In his piece, Klein notes the work of Ryan Burge (a must follow if you like really nice, insightful graphic displays of trends in religious life in America). Burge found that in 2018 the “no religion” group basically matched with the “evangelicals.” Evangelicalism is on the way out. Klein also mentions that young people are leaving the church and have a good deal of distaste for Christianity. A 2016 Barna study “asked 16- to 29-year-olds for their top three associations with present-day Christianity. Being ‘antigay’ was first, with 91 percent, followed by ‘judgmental,’ with 87 percent, and ‘hypocritical,’ with 85 percent.” In a piece that came out this week, Burge writes that the gap in church attendance between rich and poor has grown significantly in the last 4 decades.
What if all this is related? What if it all matters just not in the ways we normally think about things?
Putting it all together I want to say this.
The reason young and poor people are leaving the church, the reason conservative Christians feel under attack by liberals and liberals feel like they have to attack conservative Christians, the reason “my pleasure” feels so hollow inside and outside Chick-Fil-A is because we’re in the midst of a class struggle and capitalists are winning. If you’re upset about what happens with the profits, about which non-profit it does or doesn’t go to, you’re missing the heart of the matter which is that the profits belong to the people that work not the people that own.
What do churches have to say about this? What church is out there that’s actually speaking to this situation as it exists in the moment? Obviously I know one. But if you sit there and wonder why young people and poor people leave the church maybe it’s because churches and Christians don’t address such a fundamental relationship to capitalism and how it structures our lives.
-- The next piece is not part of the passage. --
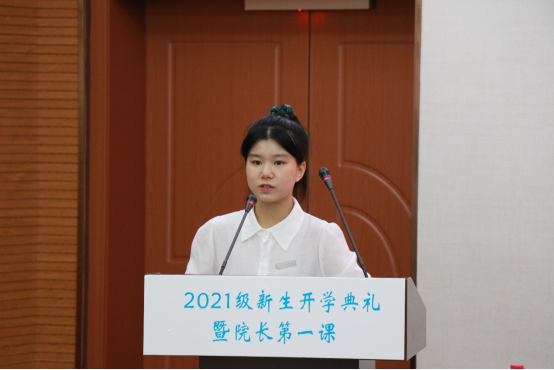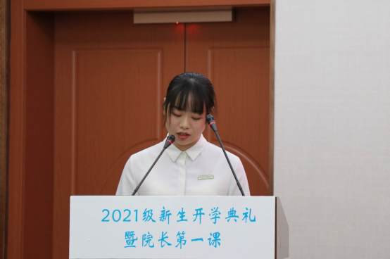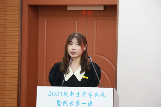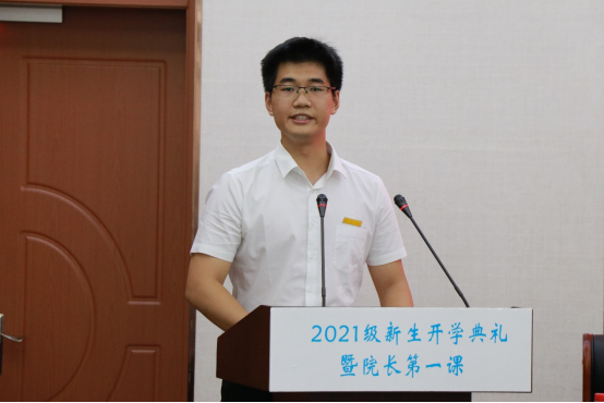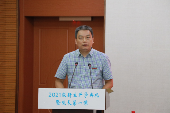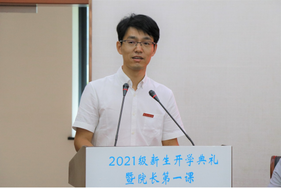 院长周鸿勇代表学院向2021级新生表示热烈欢迎和诚挚的祝贺,以“与时代同行,强使命担当”为题,开启院长第一课。

I love this quote from a pastor in early 20th century in Chicago: “The reason why workingmen are not found in larger numbers in the church is not due to the coldness of the church, nor to the dress parade, but primarily to the fact that the church has more often been on the side of capital than upon the side of labor.”
That sounds about right to me. We don’t have a choice. The class struggle is real and it’s here. Pick a side and start fighting. Maybe it won’t lead church growth but what’re the other options? Take the side of the guys that own Chick-Fil-A and whatever non-profit they want to give to?
In the end transforming this system is possible. Because I believe in the love of God, I believe that we don’t have to live in exploitative relationships with each other. I don’t believe in human perfectibility like William Barr says liberals do. I just just believe that an economy in which people own the means of production and the stuff they produce would be one that’d be a good bit better than the one we have now. What if that $5 billion worth of worth just went back to the workers at Chick-Fil-A because they own the company? Why don’t they deserve instead of some guys whose dad started the company?
I think it’s all possible though highly unlikely. It’d be a world in which we can all approach each other as loving equals as we will one day. It’d be a world in which we’d serve one another, cook for one another, enjoy one another’s presence in a way that my pleasure, our pleasure wouldn’t rest on exploitation, but love.